### [Problem to solve]
Give the listing again in full and exactly, apart from its pictures.

### [Dataset excerpt]
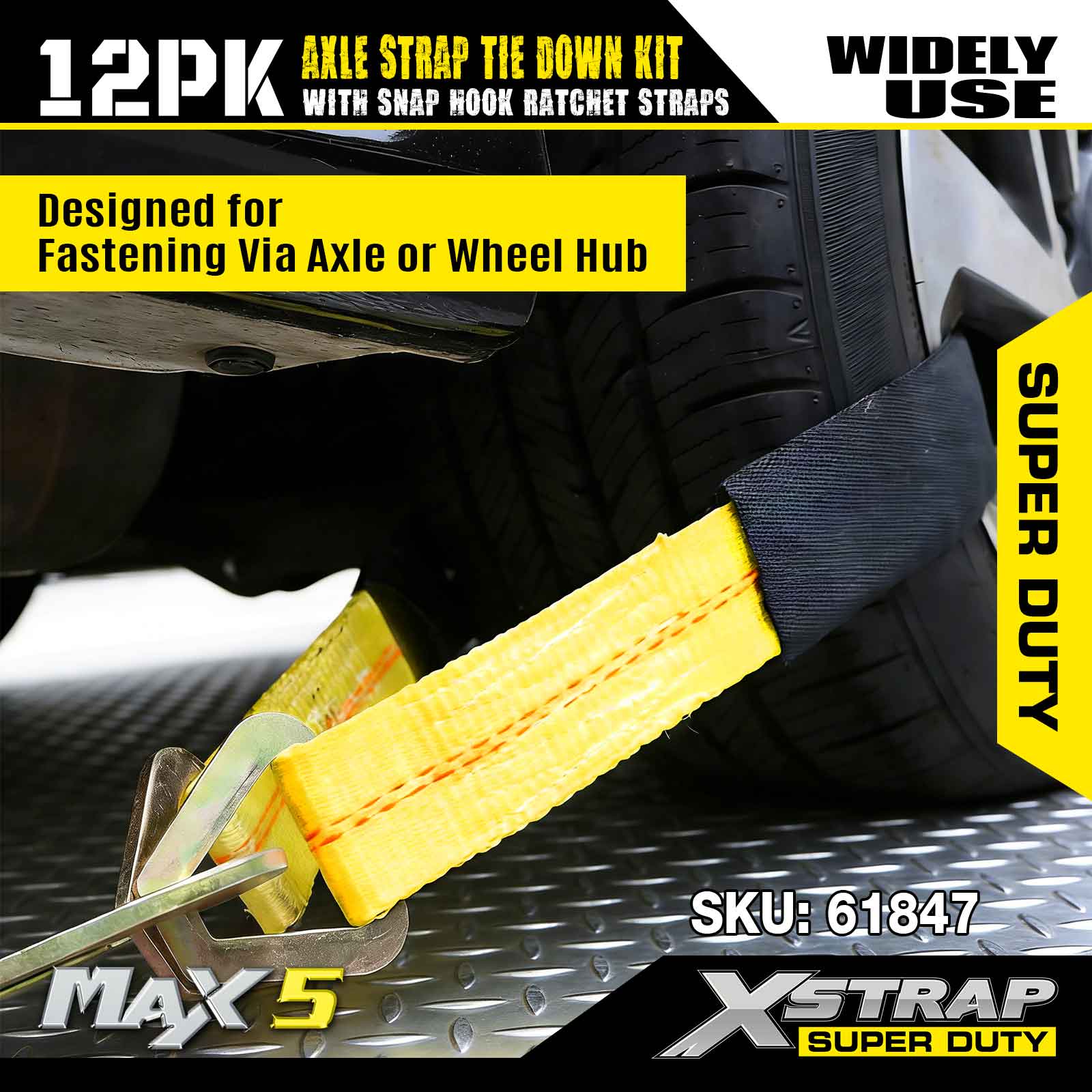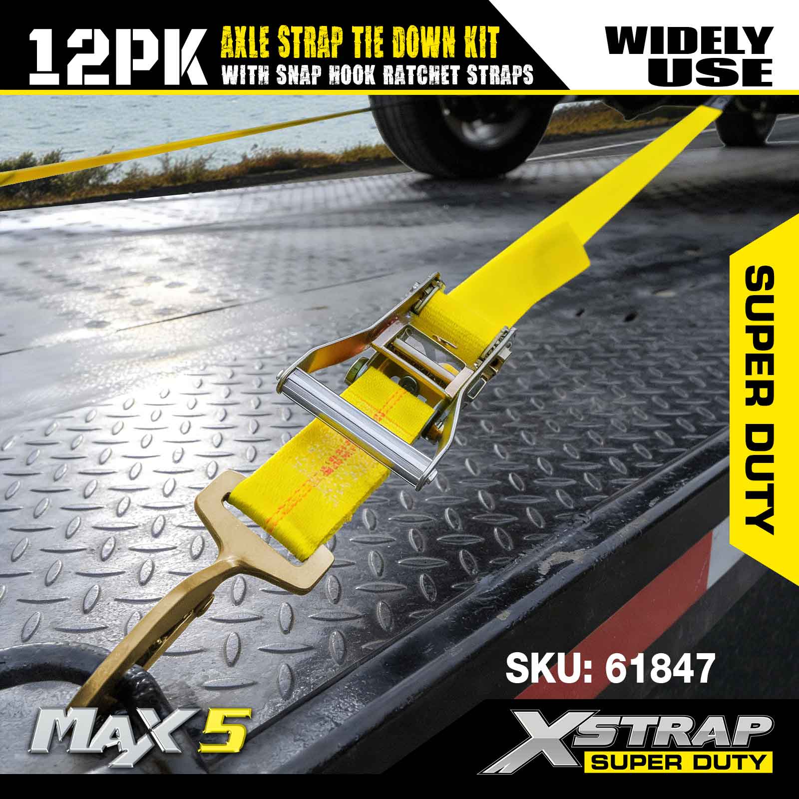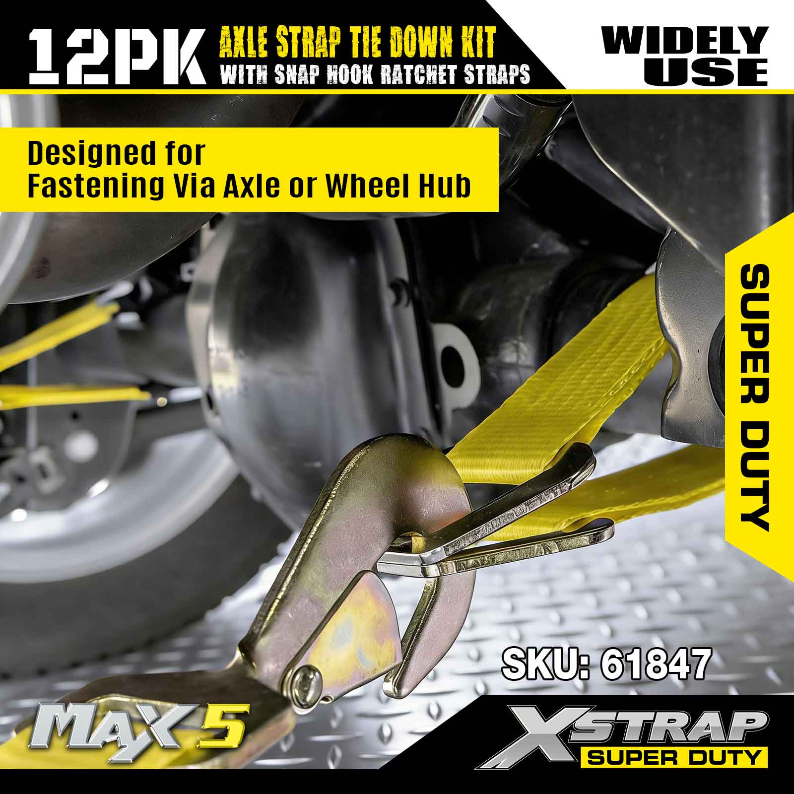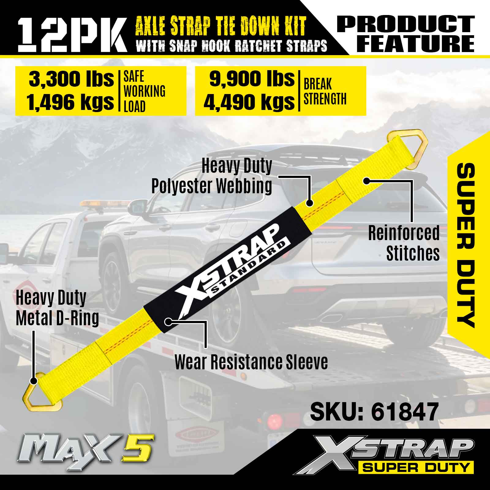 Kit de fixare a curelei de axă Xstrap 12PK (cu curele cu clichet cu cârlig) – Super Duty. Are o sarcină de lucru sigură de 3.300 lb (1.496 kg) și o rezistență la rupere de 10.000 lb (4.490 kg).
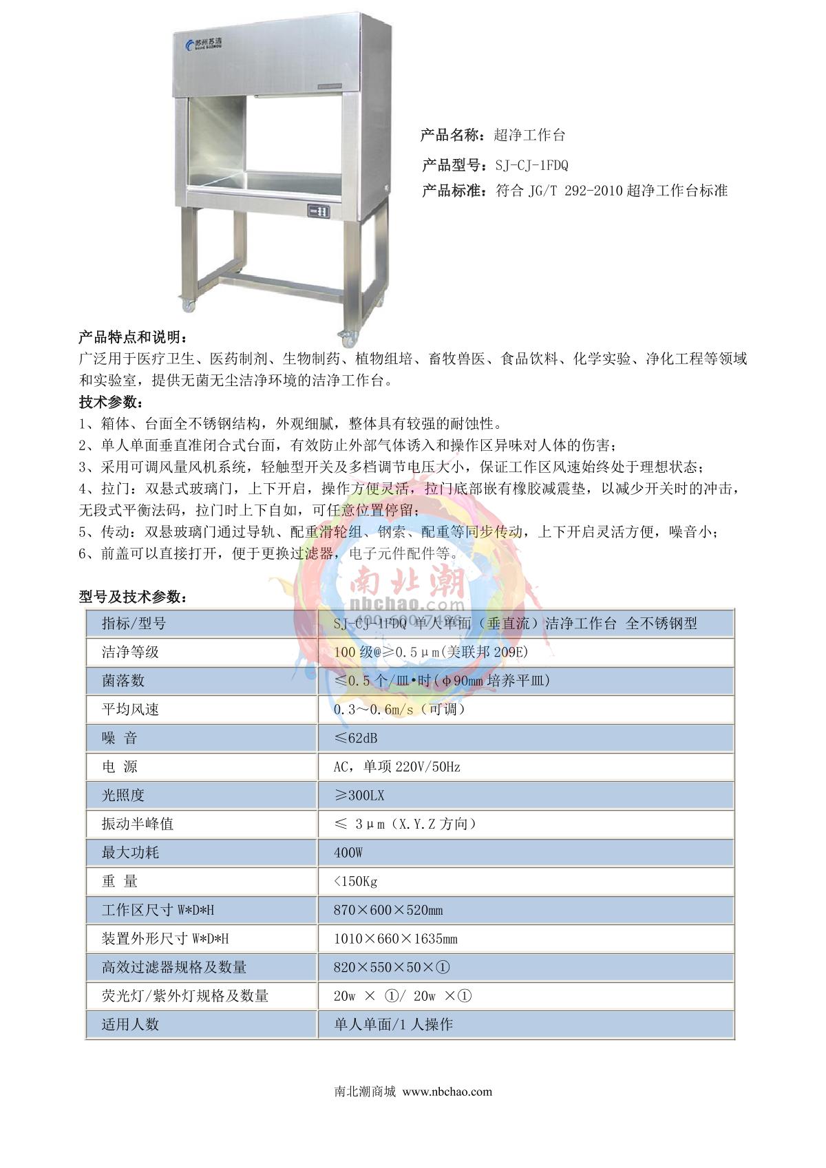 SuJie SJ-CJ-1FDQ Clean workbench (Single-Sided, Single Operator) brochure
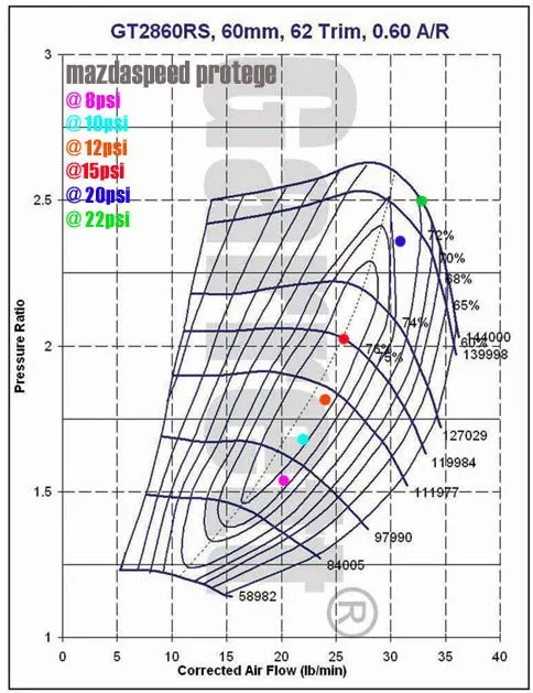 using estimate numbers this is what i got for the Garrett GT2860RS aka Disco Potato....

### [Written solution]
 Kit de fixare a curelei de axă Xstrap 12PK (cu curele cu clichet cu cârlig) – Super Duty. Are o sarcină de lucru sigură de 3.300 lb (1.496 kg) și o rezistență la rupere de 10.000 lb (4.490 kg).
 SuJie SJ-CJ-1FDQ Clean workbench (Single-Sided, Single Operator) brochure
 using estimate numbers this is what i got for the Garrett GT2860RS aka Disco Potato....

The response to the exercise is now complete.